▶ [Description of the task] Reproduce exactly only the lines from the line that holds "Pottery casserole dish" to the line that holds "Elevate your style", inclusive, in the listing below, and please leave out every picture.

▶ [Information shown]
────

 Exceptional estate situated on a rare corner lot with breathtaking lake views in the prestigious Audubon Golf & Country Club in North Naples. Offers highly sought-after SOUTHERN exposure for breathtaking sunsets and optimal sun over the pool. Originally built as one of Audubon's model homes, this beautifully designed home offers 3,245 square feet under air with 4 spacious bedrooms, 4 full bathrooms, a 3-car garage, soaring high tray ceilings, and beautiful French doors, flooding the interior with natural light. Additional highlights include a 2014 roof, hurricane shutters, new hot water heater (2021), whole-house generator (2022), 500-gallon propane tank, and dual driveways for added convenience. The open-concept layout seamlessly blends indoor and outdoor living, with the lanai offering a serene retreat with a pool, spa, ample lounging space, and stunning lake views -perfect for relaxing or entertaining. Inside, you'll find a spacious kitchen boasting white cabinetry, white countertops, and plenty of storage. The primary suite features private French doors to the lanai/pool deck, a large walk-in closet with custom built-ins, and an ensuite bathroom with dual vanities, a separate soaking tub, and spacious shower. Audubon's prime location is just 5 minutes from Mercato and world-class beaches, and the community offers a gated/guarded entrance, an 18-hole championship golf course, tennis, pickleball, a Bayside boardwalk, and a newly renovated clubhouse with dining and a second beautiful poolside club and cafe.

────

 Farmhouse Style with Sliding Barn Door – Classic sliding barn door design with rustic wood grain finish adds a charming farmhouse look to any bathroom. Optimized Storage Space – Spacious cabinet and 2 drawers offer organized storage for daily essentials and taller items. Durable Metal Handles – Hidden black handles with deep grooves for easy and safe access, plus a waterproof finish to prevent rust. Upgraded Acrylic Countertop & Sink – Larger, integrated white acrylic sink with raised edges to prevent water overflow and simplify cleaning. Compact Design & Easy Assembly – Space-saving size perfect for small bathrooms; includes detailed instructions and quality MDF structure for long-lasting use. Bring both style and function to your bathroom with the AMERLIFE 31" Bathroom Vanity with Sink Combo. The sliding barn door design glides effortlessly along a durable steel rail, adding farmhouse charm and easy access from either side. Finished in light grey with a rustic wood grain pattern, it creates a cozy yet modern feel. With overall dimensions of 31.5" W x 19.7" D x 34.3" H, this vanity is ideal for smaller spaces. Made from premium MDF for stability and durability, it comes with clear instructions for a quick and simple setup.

────

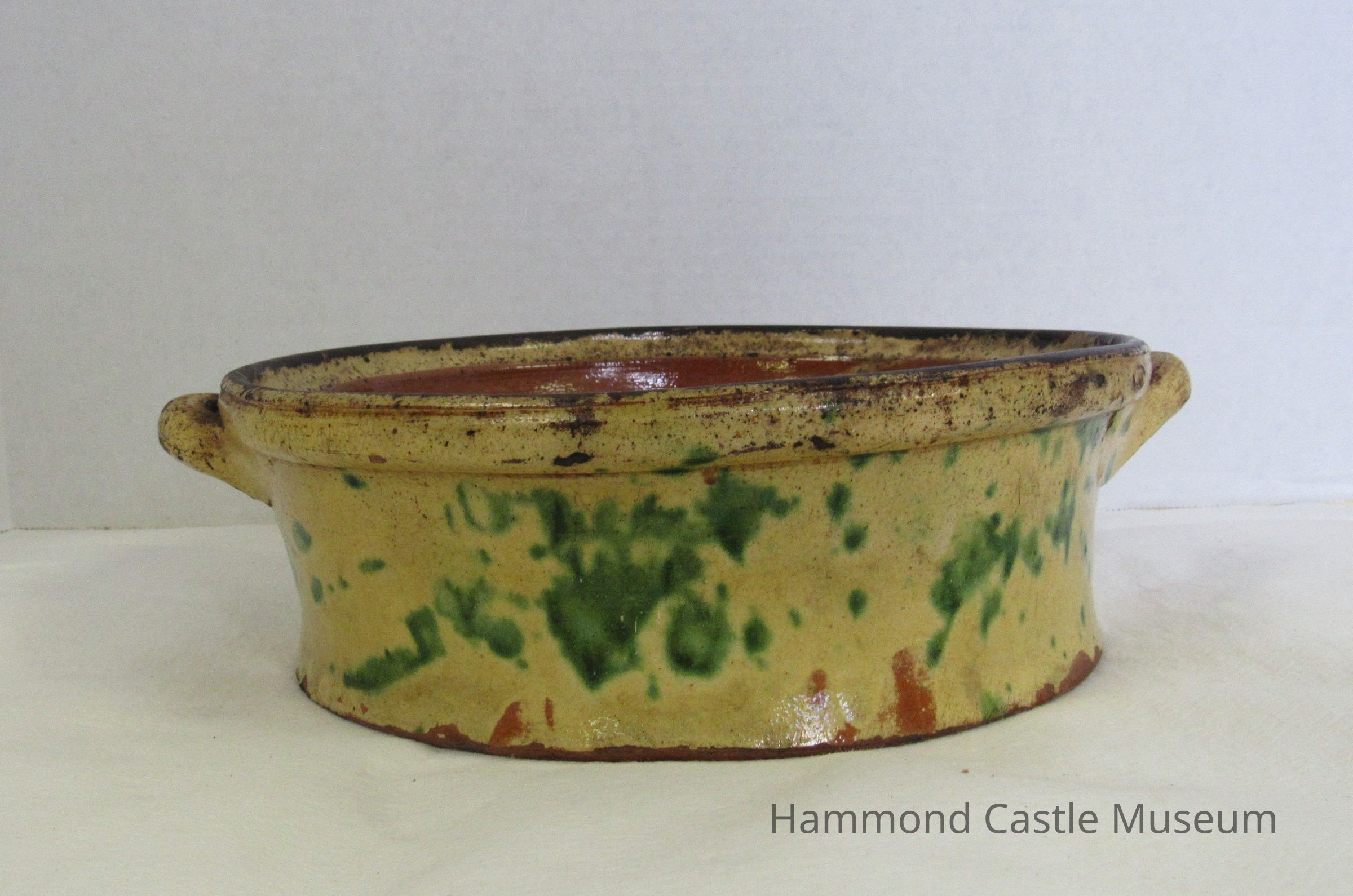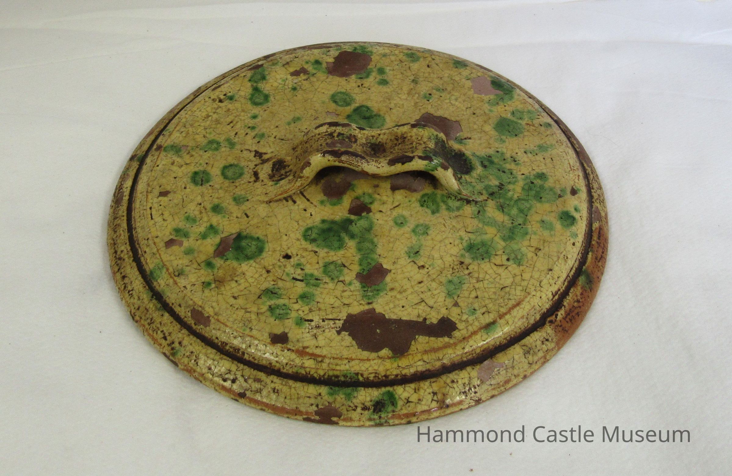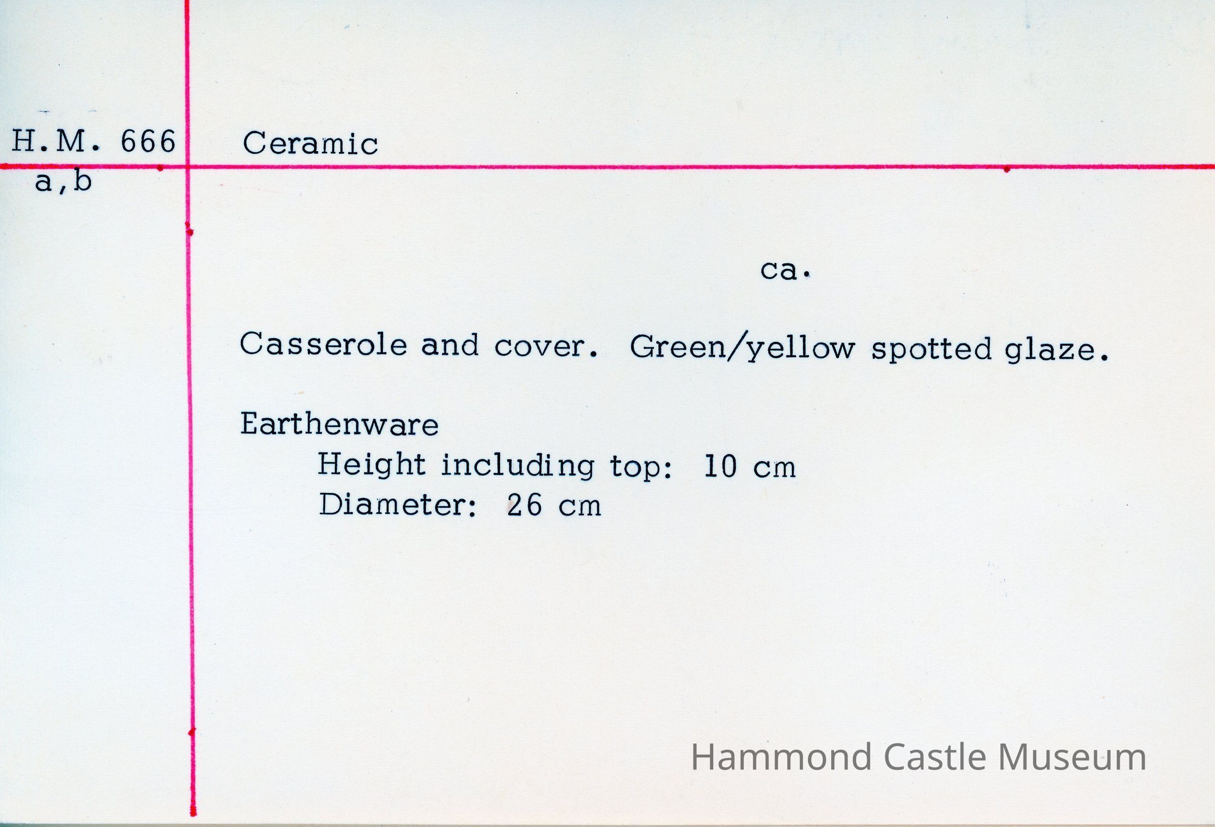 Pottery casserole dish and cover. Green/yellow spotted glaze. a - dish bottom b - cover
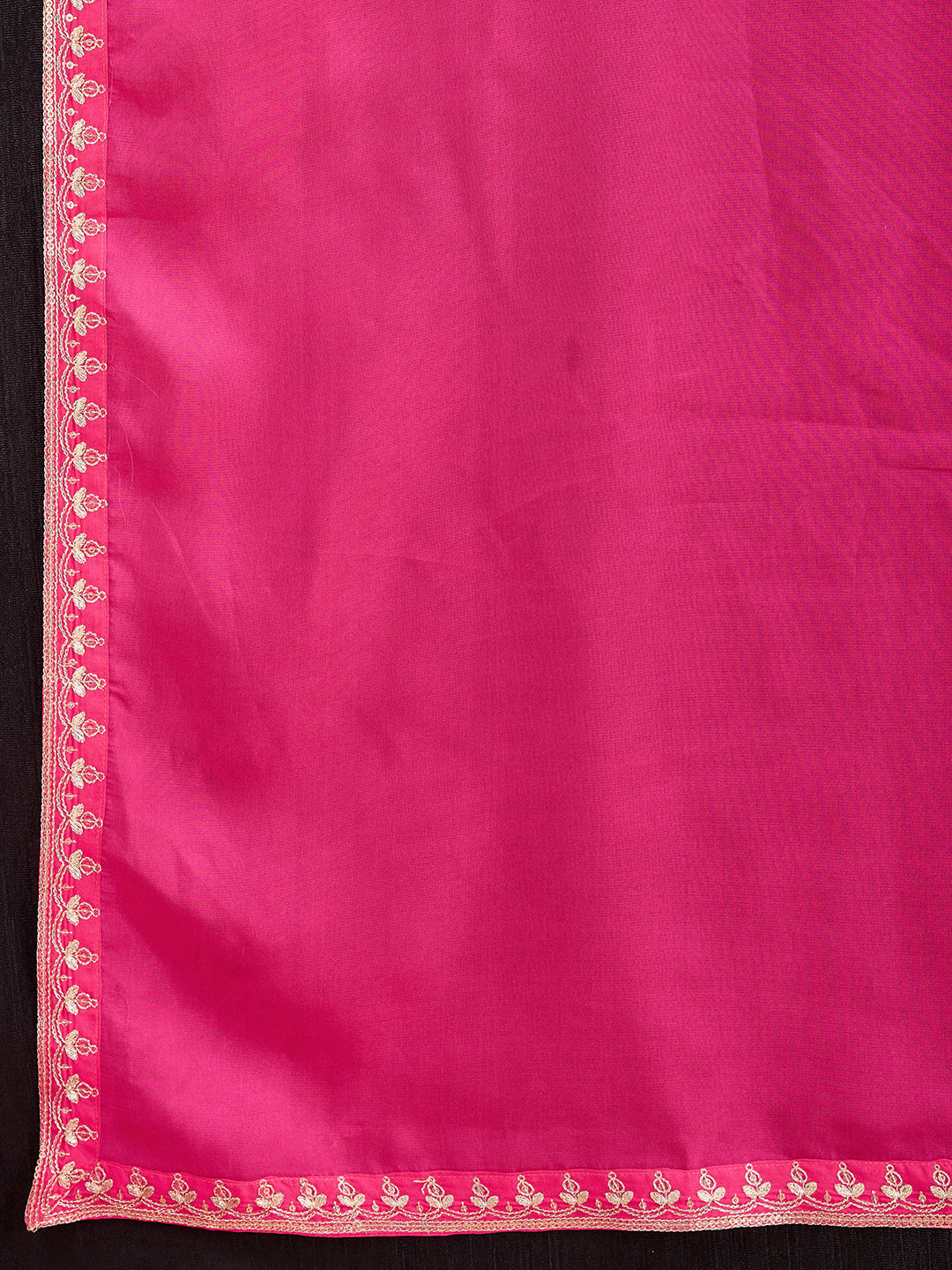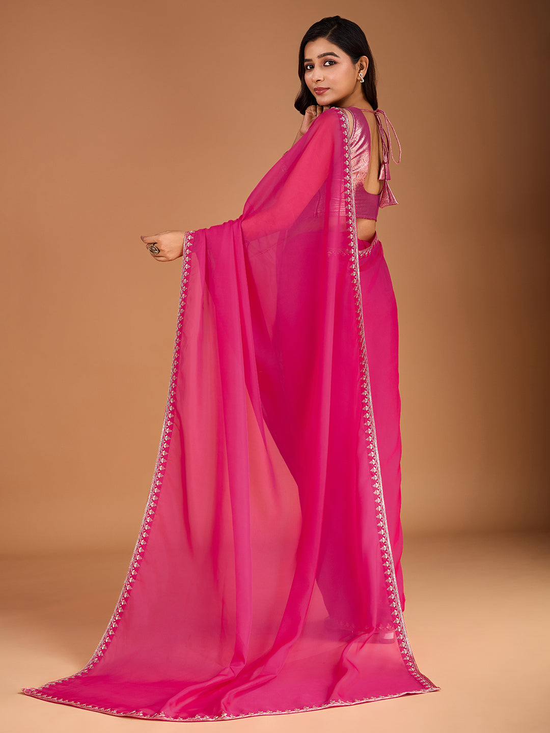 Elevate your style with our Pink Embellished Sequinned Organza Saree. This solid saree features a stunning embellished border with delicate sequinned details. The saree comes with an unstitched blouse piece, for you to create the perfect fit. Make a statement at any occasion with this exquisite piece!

────

▶ [Task result]
 Pottery casserole dish and cover. Green/yellow spotted glaze. a - dish bottom b - cover
 Elevate your style with our Pink Embellished Sequinned Organza Saree. This solid saree features a stunning embellished border with delicate sequinned details. The saree comes with an unstitched blouse piece, for you to create the perfect fit. Make a statement at any occasion with this exquisite piece!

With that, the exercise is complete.